How to strike the right balance in talking about the latest experiment in which a gene in a human embryo was edited? Should it be considered the first step on the road to tailored personal genomes, or a useful advance in what might one day be a valuable medical technique? Or just an incremental step in basic science?
This sort of editing of a genome would have been impossible before the advent in 2012-13 of the CRISPR-Cas9 technique, which uses a set of molecular machinery—basically a bacterial DNA-cleaving enzyme—to modify genes on DNA in a precisely targeted manner. So the result is certainly exciting. And because gene editing in human embryos has profound ethical as well as medical implications, it is controversial. Yet at the same time, the potential of doing such work was already apparent from previous experience with CRISPR, and we know very little at this stage about the implications of such a genetic change for the further development of the embryo. No one is talking yet about doing this in clinical medicine or human reproduction. So the furore over “designer babies,” while predictable, is out of proportion to what has been scientifically achieved here.

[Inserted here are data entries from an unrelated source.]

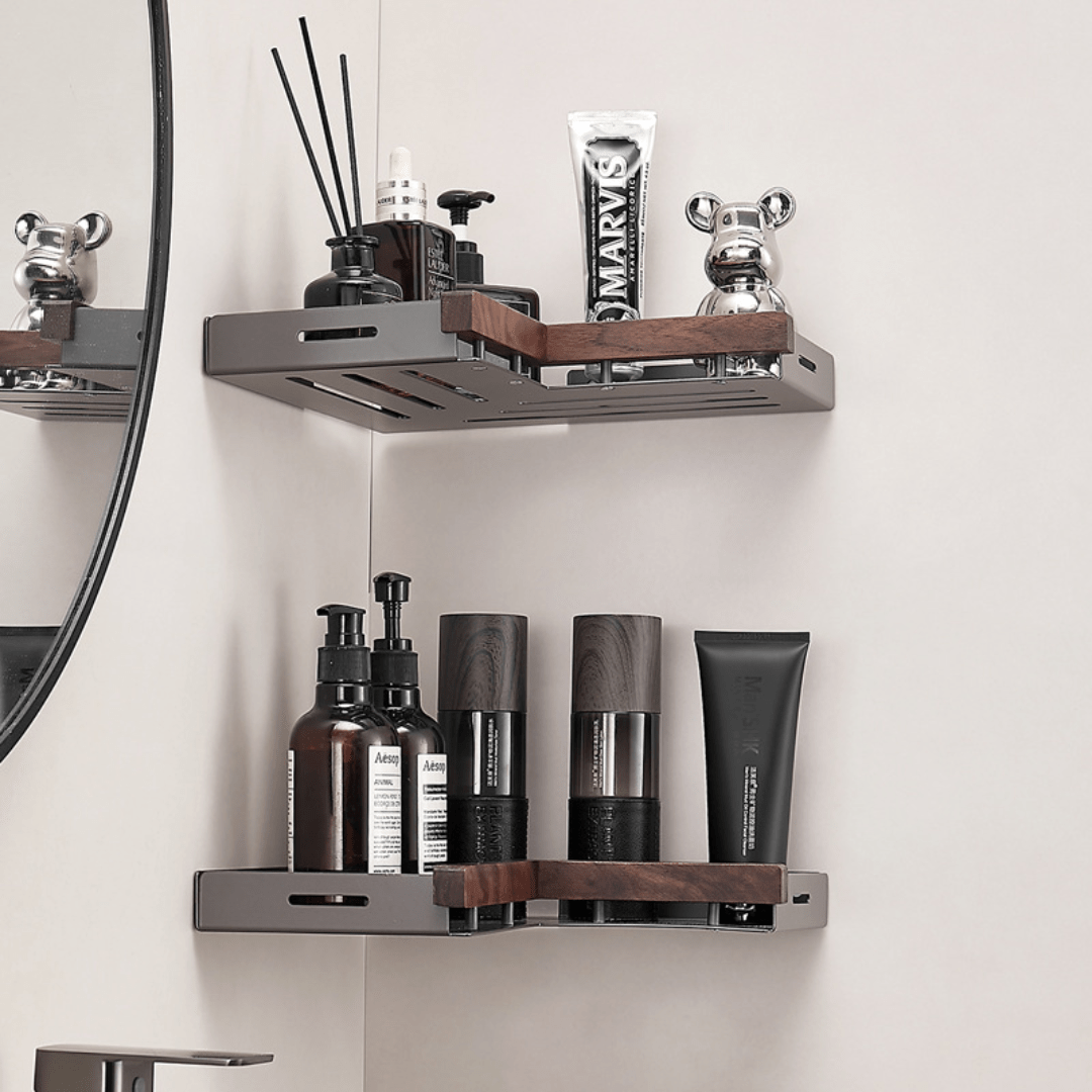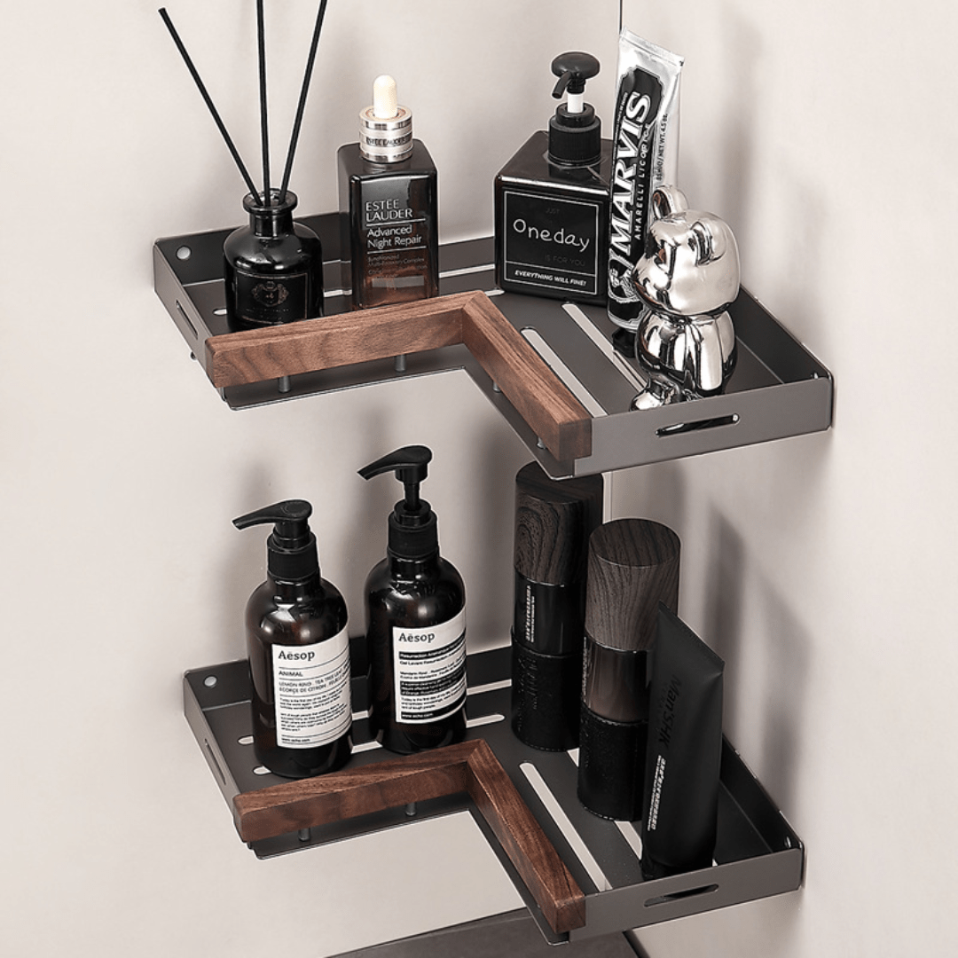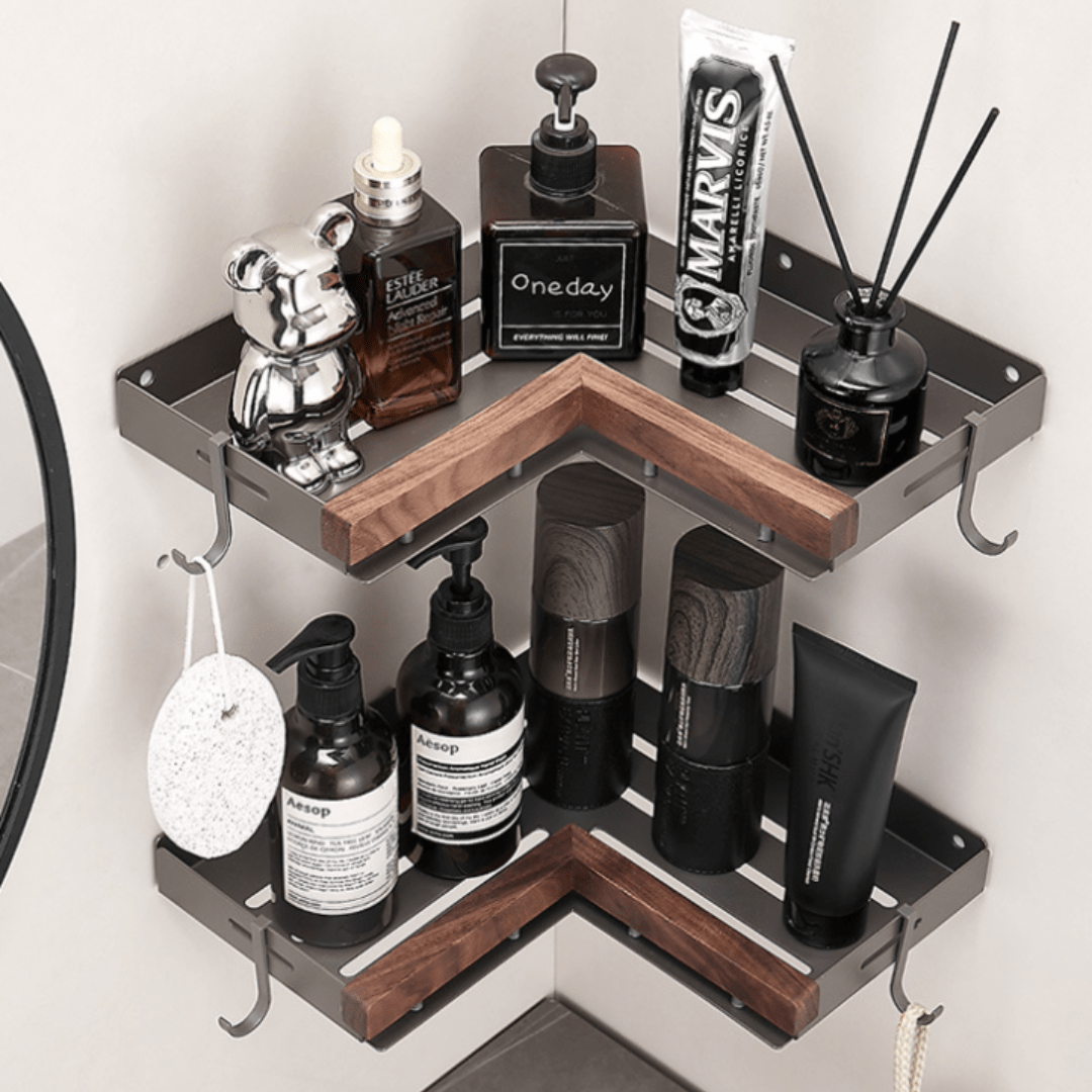 Our elegant corner shelf combines solid wood and aluminum to create a durable and moisture-resistant storage solution. Perfect for bathrooms and toilet corners, it features adjustable spacing, rounded edges, and easy installation with no drilling required.
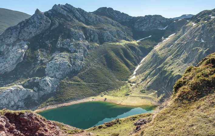 Of its landscape, the beauty of the lakes, located to the south of the council of Somiedo, at the top of the mountain ranges that separate Somiedo from León, stands out: the three small lakes of Saliencia; the Lago del Valle, with its characteristic islet, and which is the largest lake in Asturias, with an average radius of 280 metres and an average depth of 10 metres, although in some areas it reaches 50 metres; and the hidden Lagunas de El Páramo, between the valleys of the rivers Somiedo and Pigüeña.
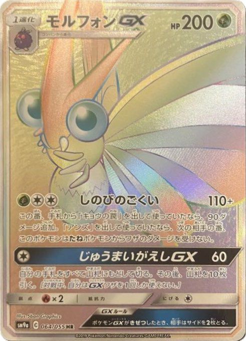 モルフォンGX(064/055)[HR]は、拡張パック「ナイトユニゾン」に収録された草タイプの1進化ポケモンで、特定のサポートカードと組み合わせることで高いダメージや防御効果を発揮します。HR(ハイパーレア)仕様のため、特別なホログラフィック加工が施され、コレクション価値も高い一枚です。
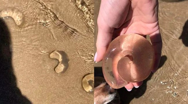 Di Facebook, seorang wanita membagikan temuan gumpalan bening tersebut. Gumpalan bening tersebut memiliki ukuran sebesar telapak tangan.
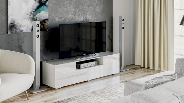 Тумба ТВ оснащена открытой полкой, выдвижным ящиком и широкой поверхностью подставки под телевизор. Дверные фасады боковых отсеков оборудованы накладными петлями с доводчиками, что обеспечивает плавное бесшумное закрытие.
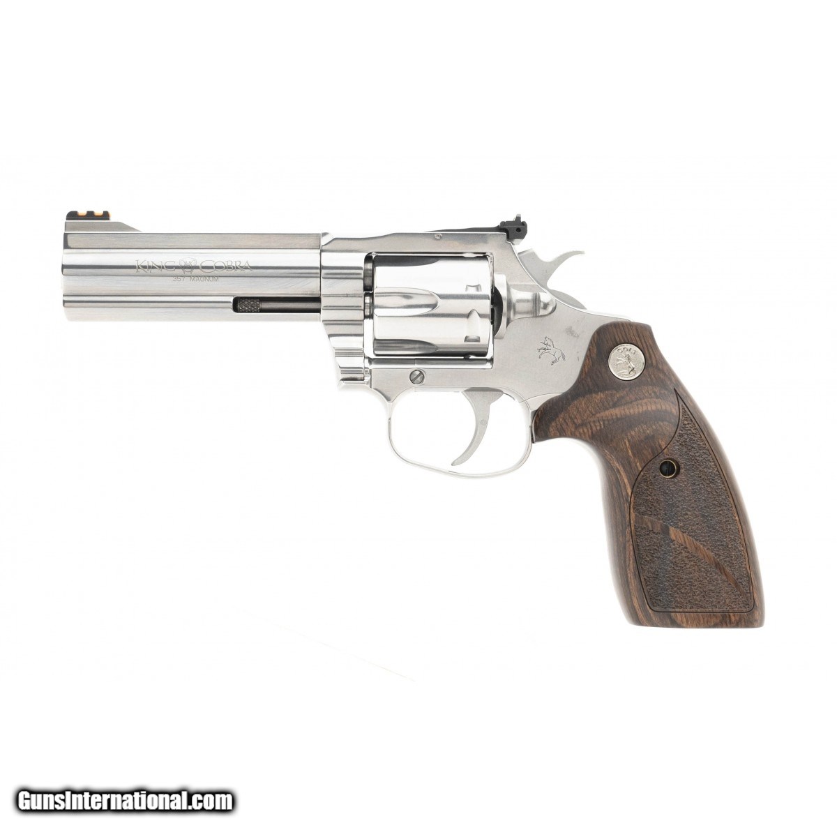 Description: " Colt's Manufacturing King Cobra target revolver, 357 magnum, 4.25"" barrel, steel frame, stainless finish, altamont wood grips. NEW UPC:098289001306 SOLD |
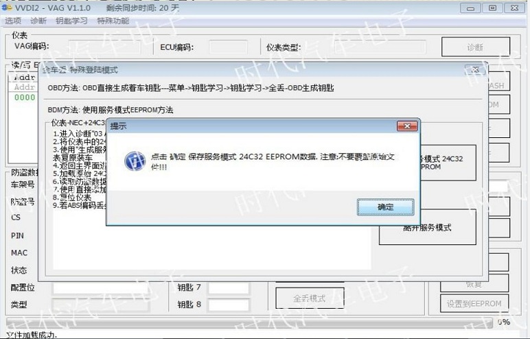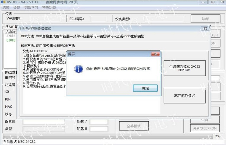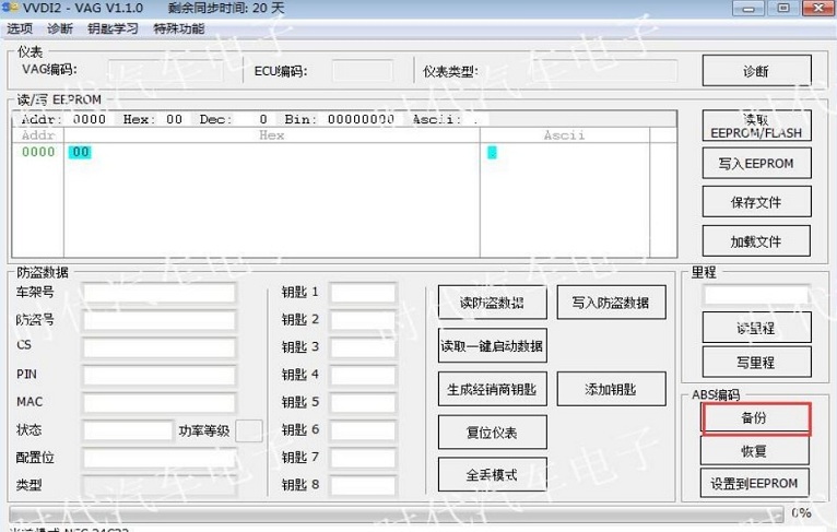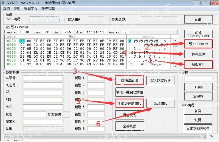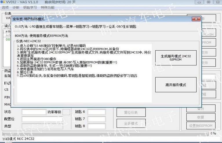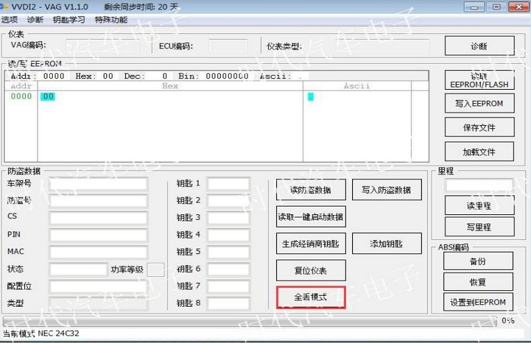 一、拆仪表生成数据做全丢 二、OBD直接做全丢。 拆仪表做全丢方法: ①备份ABS编码 ②读取仪表中的24C32/64数据保存。 ③生成服务模式数据写到仪表中,装车。 ④VVDI加载原始数据写入仪表。 ⑤读取防盗数据,保存。生成经销商钥匙,匹配。 ⑥复位仪表,恢复ABS编码。
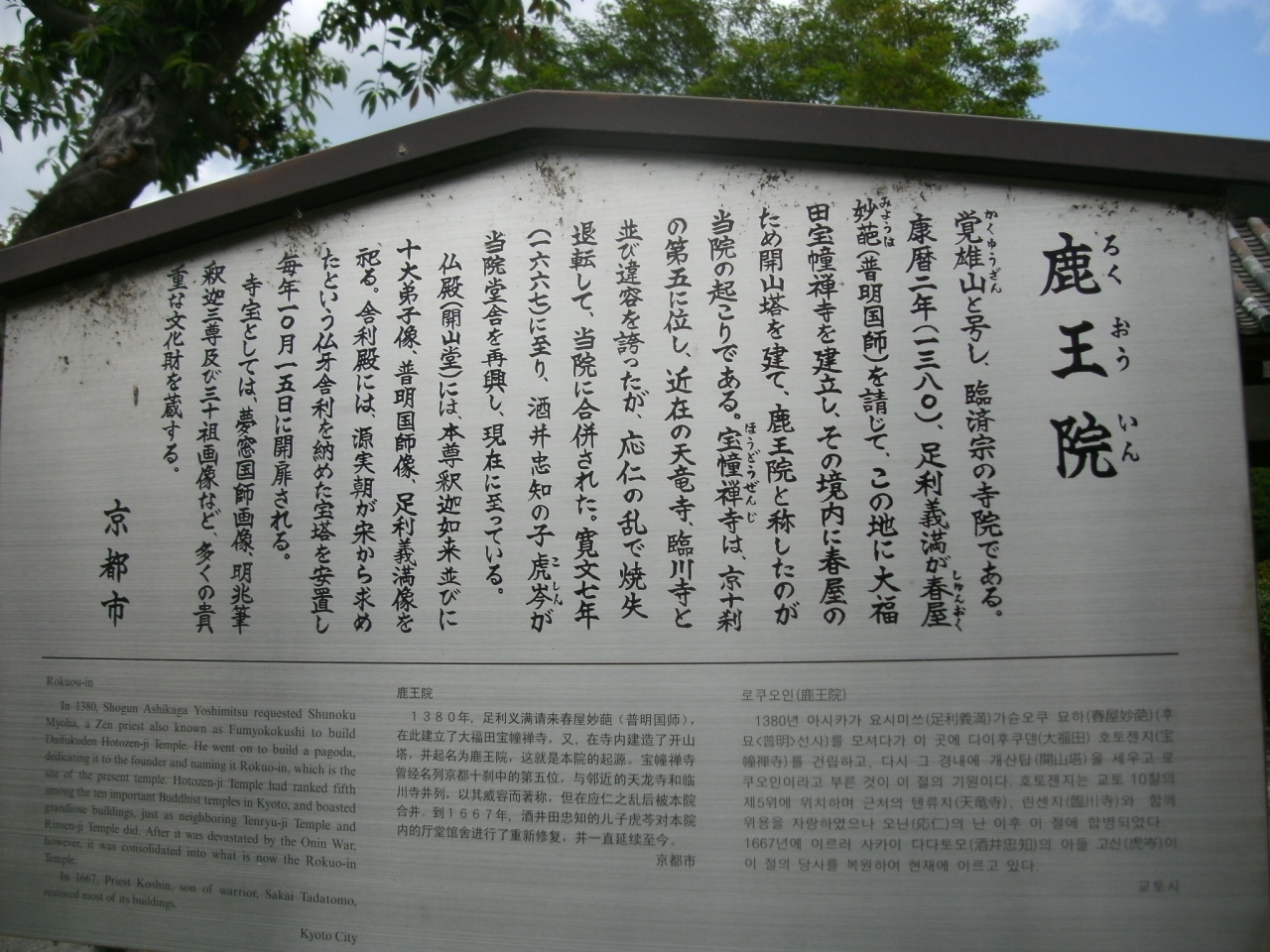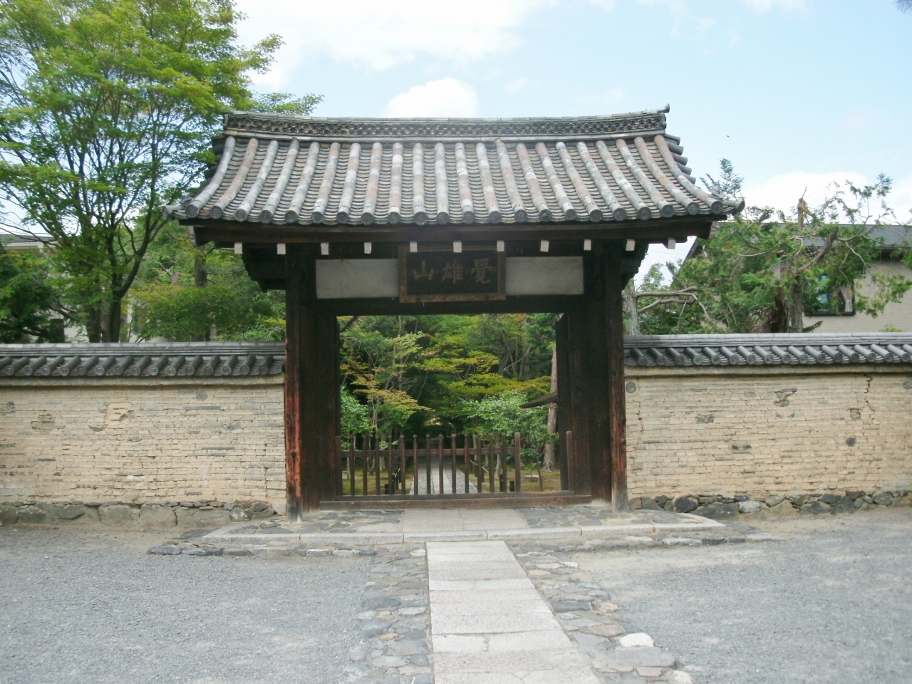 足利義満が建立し、応仁の乱で廃絶した宝幢寺という寺の塔頭で、山門に掛けられた“覚雄山”の額は、足利義満が二十四歳の時の自筆だそうです。
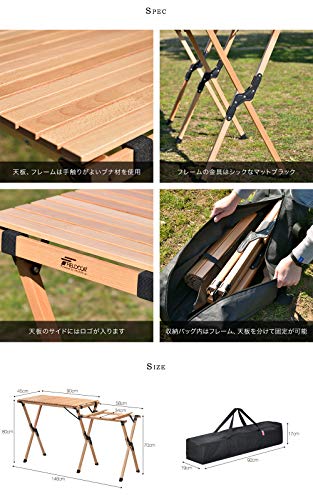 口コミでも非常に評価が高い製品です。ドイツ産の木材でできているおしゃれかつコスパの高いテーブルとして非常に人気があります。収納サイズは92×19×17cmになり収納袋もきちんと付属しますよ。金具にはアルミが使われていて少しでも軽量になるように作られていますが、木がメインとなるため重さは9kgと少し重たいです。
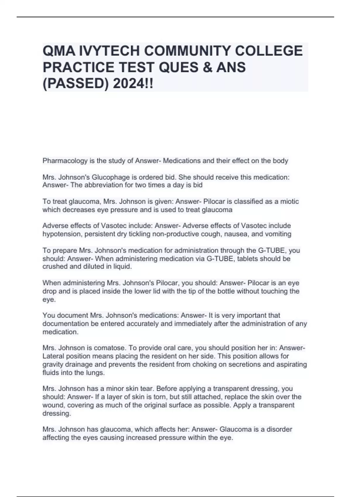 QMA IVYTECH COMMUNITY COLLEGE PRACTICE TEST QUES & ANS (PASSED) 2024!!

The new work was carried out by a team in the US, China and South Korea. It is not the first time that CRISPR has been used to genetically modify a human embryo—that was done in 2015 by researchers in China (see this piece)—but the involvement of teams within the more stringent regulatory and ethical regime of the US marks a significant step in acceptance of such experiments. The 2015 Chinese work was rejected by the two major science journals Nature and Science on ethical grounds, so it is notable that Nature has published the new paper. Nonetheless, it was only because the work had private funding in the US (where the main laboratory was at the Oregon Health and Science University in Portland) that it could sidestep government restrictions.
The researchers used IVF techniques to produce embryos from the sperm of a man carrying a mutant form of a gene called MYBPC3, which causes a rare and severe heart disease called hypertrophic cardiomyopathy (HCM). (Because, like most carriers, the man also had the healthy form of the gene—we have two copies of our genes, one inherited from each parent—he does not suffer from the often fatal condition, but is a carrier.)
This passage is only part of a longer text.